RECORDS PROVIDED: Begin

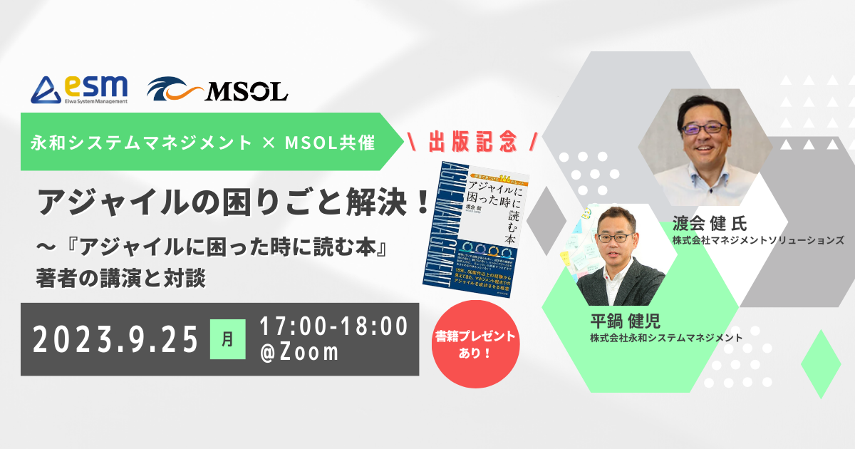 当ウェビナーでは、アジャイル歴約15年で50案件以上のアジャイルプロジェクト実践経験をもつ、当社Digital事業部の渡会健が登壇し、2023年8月23日に発刊した著書『アジャイルに困った時に読む本』をもとに、アジャイルのよくある誤解や課題と対処法について、マネジメント視点でわかりやすくお話しします。また、アジャイルの誕生から関わり日本に普及させた、アジャイルの第一人者、永和システムマネジメント代表の平鍋氏との対談により、アジャイル開発の現場でよくあるアジャイルの疑問にお答えします。
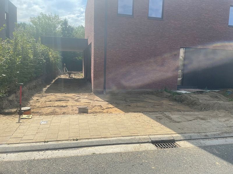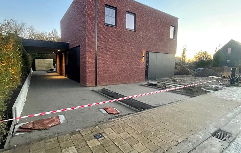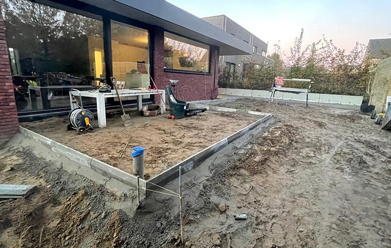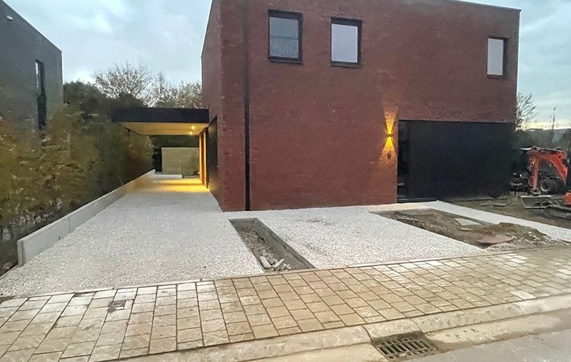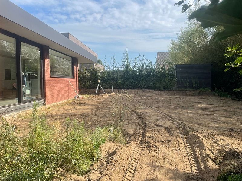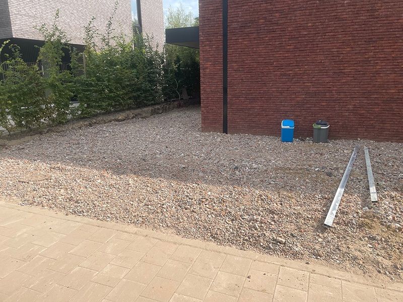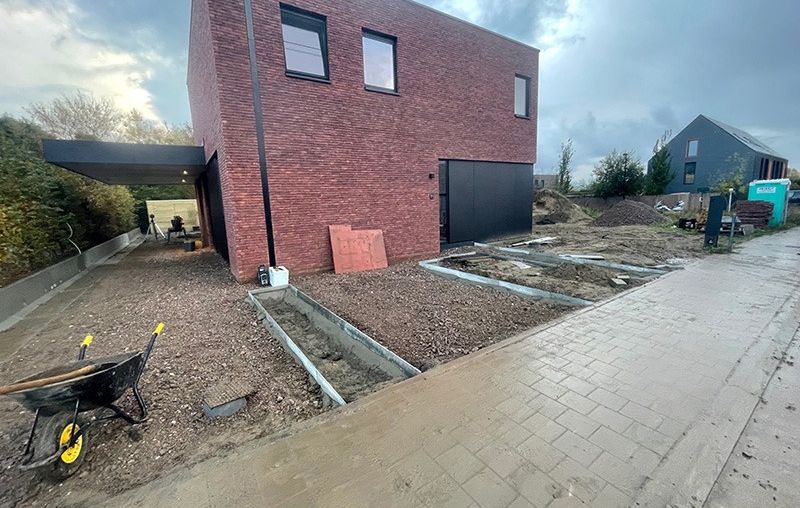 Moderne tuin met strakke lijnen aan nieuwbouwwoning.
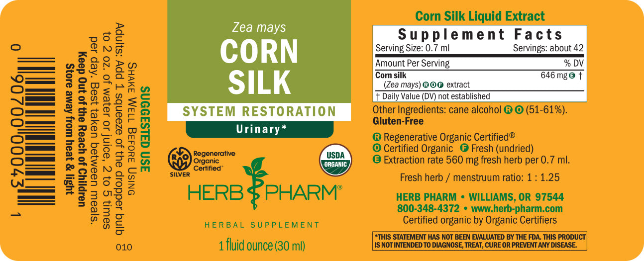 We prepare our Corn Silk extract from the fresh (never dried) silks of Certified Organic Zea mays plants. These smooth and soft silks are harvested from Corn stalks grown as annuals on our Regenerative Organic Certified® farms in southern Oregon.
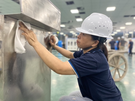 定制的不銹鋼工作臺(tái)已放置到新車間,生產(chǎn)人員正在對(duì)其進(jìn)行清理清潔
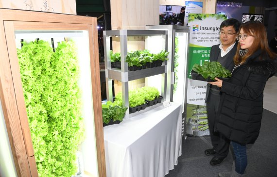 5일 농림축산식품부 주최로 '2017 생명산업과학기술 대전'이 서울 강남대로 aT센터에서 개막했다. '사람과 생명의 가치를 높이는 스마트 미래농업'이라는 주제로 사흘간 열린다. 관람객들이 발광다이오드(LED) 스마트 온실에서 재배된 채소를 보고 있다.
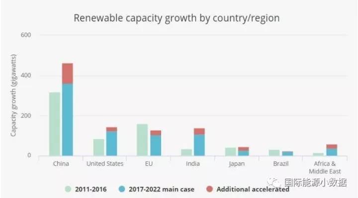 過去對于可再生能源發(fā)展規(guī)模預測曾經偏保守的IEA現(xiàn)在預測,2017-2022年間全球可再生能源新增裝機將至少達到920吉瓦(其中風電321吉瓦、光伏438吉瓦),其中363吉瓦(39%)將來自中國。如果各國政策支持力度加大的樂觀情形下,2017-2022年間可再生能源新增裝機可能達到1150吉瓦,其中464吉瓦(40%)來自中國。
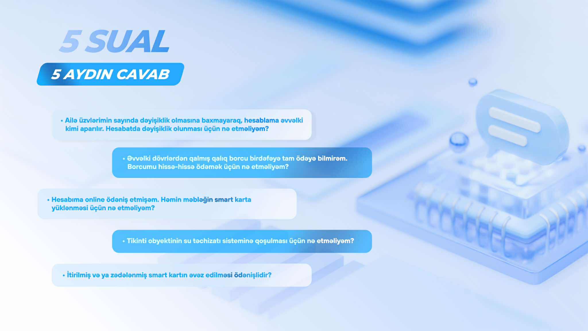 Teleqraf xəbər verir ki, bu kimi suallar içərisində vətəndaşların tez-tez müraciət etdikləri mövzuları əhatə edənləri də var. ADSEA-nın İri Şəhərlərin Birləşmiş Su Təchizatı Xidməti həmin sualları və onların cavablarını mərhələli şəkildə təqdim edir.
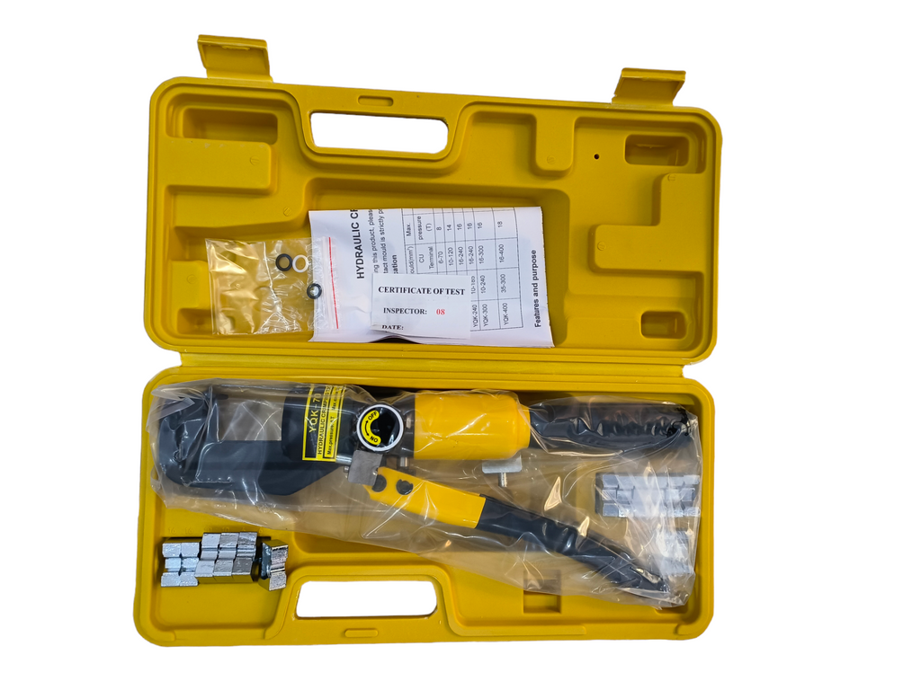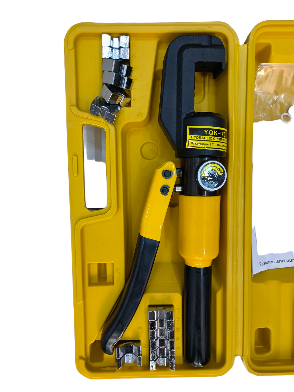 SPECIFICATION: Crimps 12 AWG to 2/0 AWG size copper and aluminum wires. Crimping range is from 6 to 70 mm2. Maximum crimping power: 8 tons.

RECORDS PROVIDED: End

## DIRECTIONS
Give back exactly the lines above from the one with "We prepare our" through the one with "5일 농림축산식품부 주최로", both included. Pictures don't belong in the copy.

## RESPONSE FOR THIS EXERCISE
 We prepare our Corn Silk extract from the fresh (never dried) silks of Certified Organic Zea mays plants. These smooth and soft silks are harvested from Corn stalks grown as annuals on our Regenerative Organic Certified® farms in southern Oregon.
 定制的不銹鋼工作臺(tái)已放置到新車間,生產(chǎn)人員正在對(duì)其進(jìn)行清理清潔
 5일 농림축산식품부 주최로 '2017 생명산업과학기술 대전'이 서울 강남대로 aT센터에서 개막했다. '사람과 생명의 가치를 높이는 스마트 미래농업'이라는 주제로 사흘간 열린다. 관람객들이 발광다이오드(LED) 스마트 온실에서 재배된 채소를 보고 있다.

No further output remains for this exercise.